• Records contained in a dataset
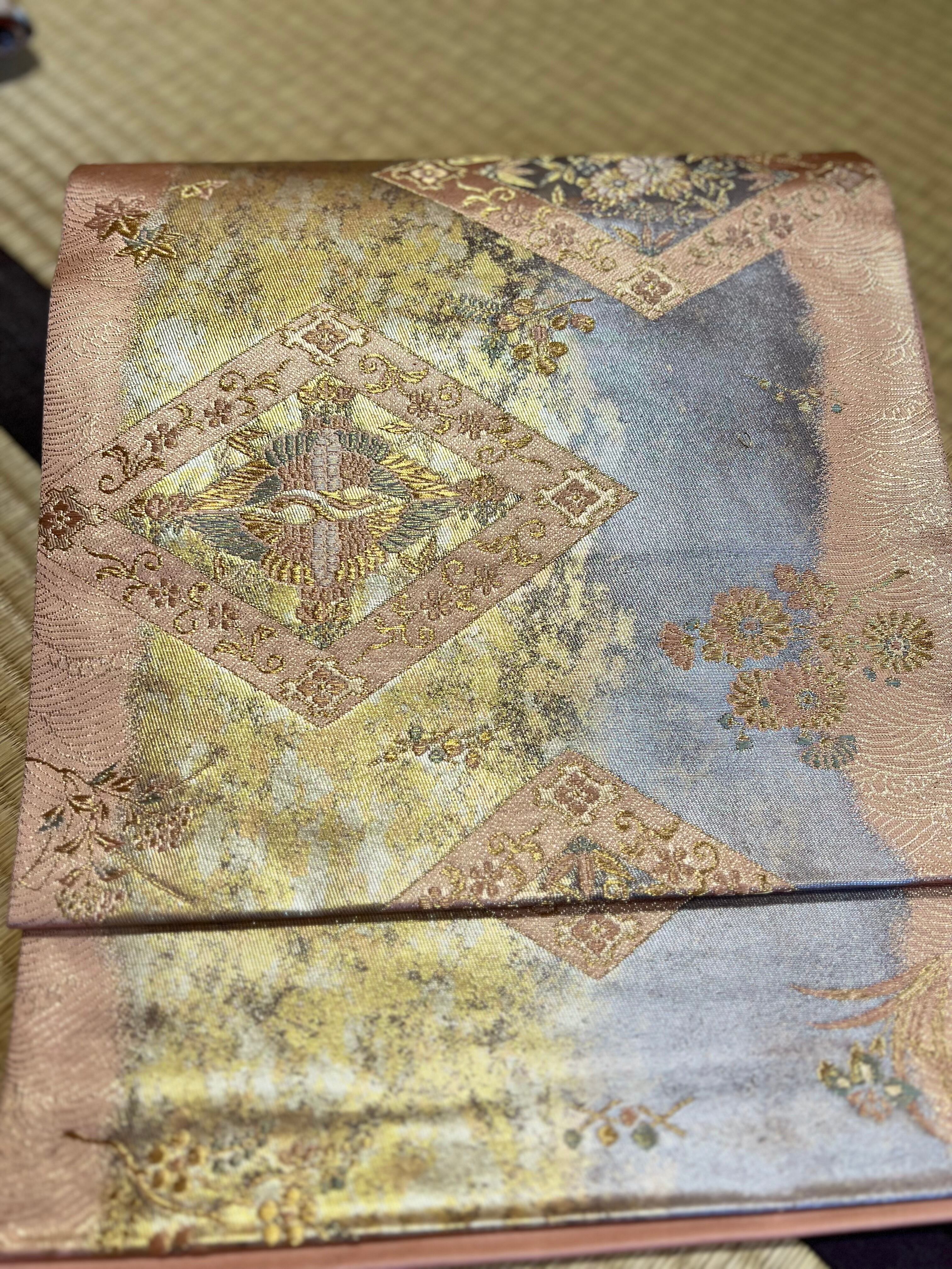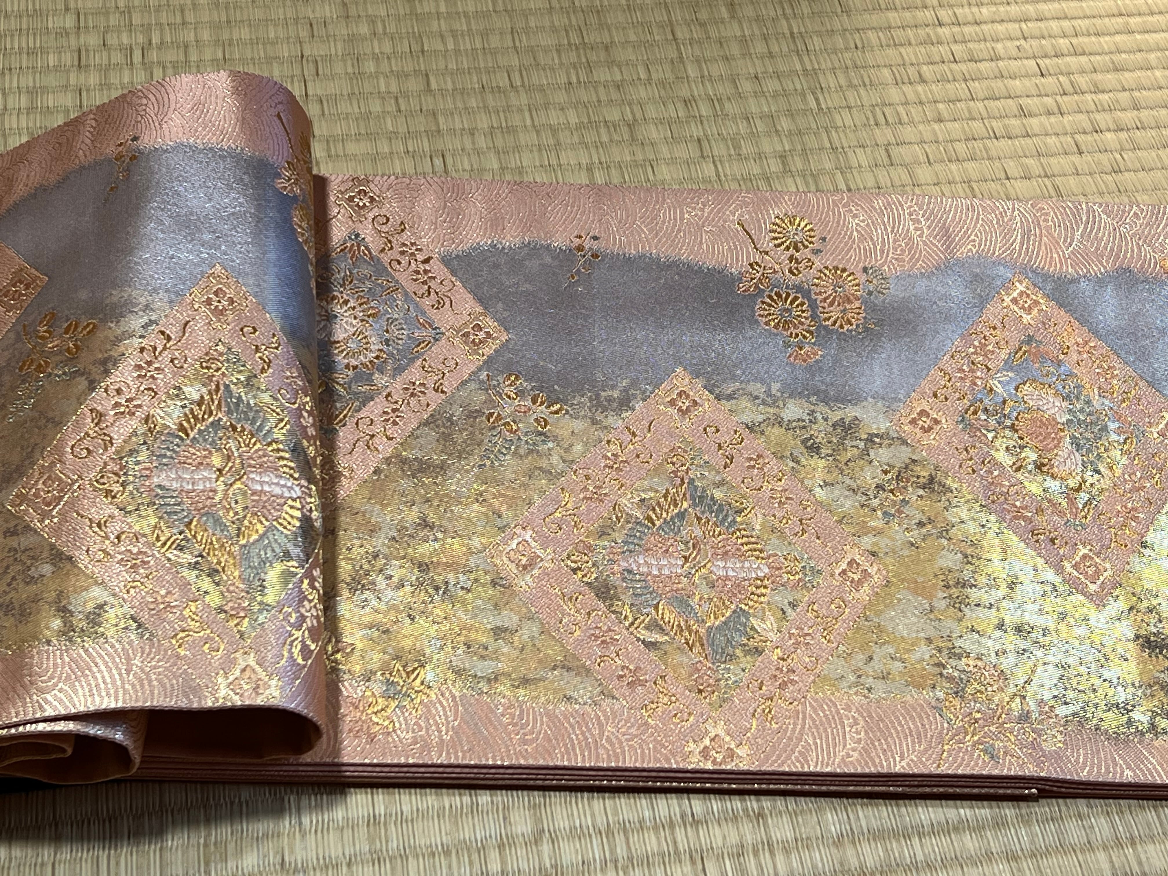 優雅な華やかさが漂うこの帯は、ピンクとゴールドの鮮やかな色合いと紫の差し色が特徴的で、桐、菊、鳳凰などが贅沢に描かれています。
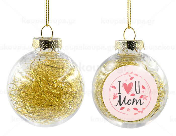 I Love you Mom pink, Transparent Christmas tree ball ornament with gold filling 8cm
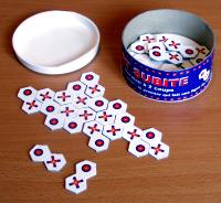 Le jeu est constitué de 30 dominos au format caractéristique des jeux Alvéole. Chaque domino porte une croix et un point. La règle tient en quelques mots :
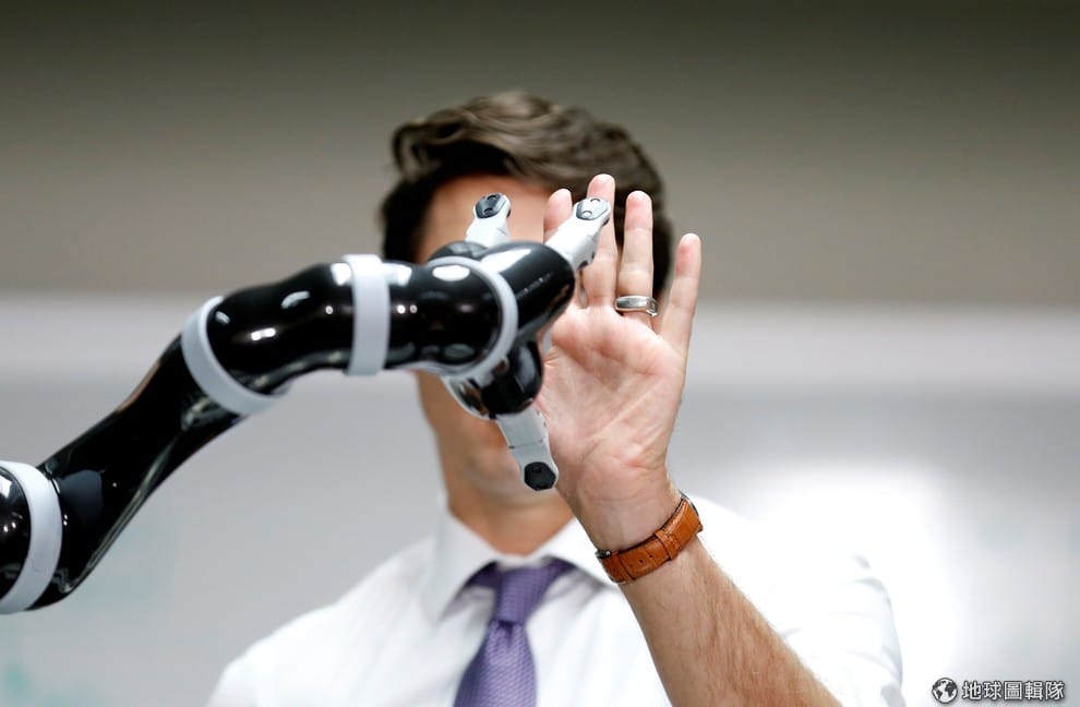 加拿大總理杜魯道(Justin Trudeau)前往魁北克(Quebec)參訪機器人公司Kinova Robotics,並和展示的機械手臂來了個擊掌。Kinova Robotics專注在開發機械手臂,好協助行動不便者處理日常事務。
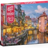 Fedezze fel Annecy francia városának varázsát esti fényben. Ez az 1000 darabos puzzle részletgazdag, színben kiegyensúlyozott motívumot kínál, amely örömet szerez kezdőknek és tapasztalt kirakózóknak egyaránt. Kirakva kb. 70 × 50 cm, így remekül alkalmas keretezésre és kiállításra.

• Exercise
Your answer must be the exact lines from the records above, from the one containing "I Love you Mom" through the one containing "Le jeu est constitué", both included, with every picture left out.

• Solved exercise
 I Love you Mom pink, Transparent Christmas tree ball ornament with gold filling 8cm
 Le jeu est constitué de 30 dominos au format caractéristique des jeux Alvéole. Chaque domino porte une croix et un point. La règle tient en quelques mots :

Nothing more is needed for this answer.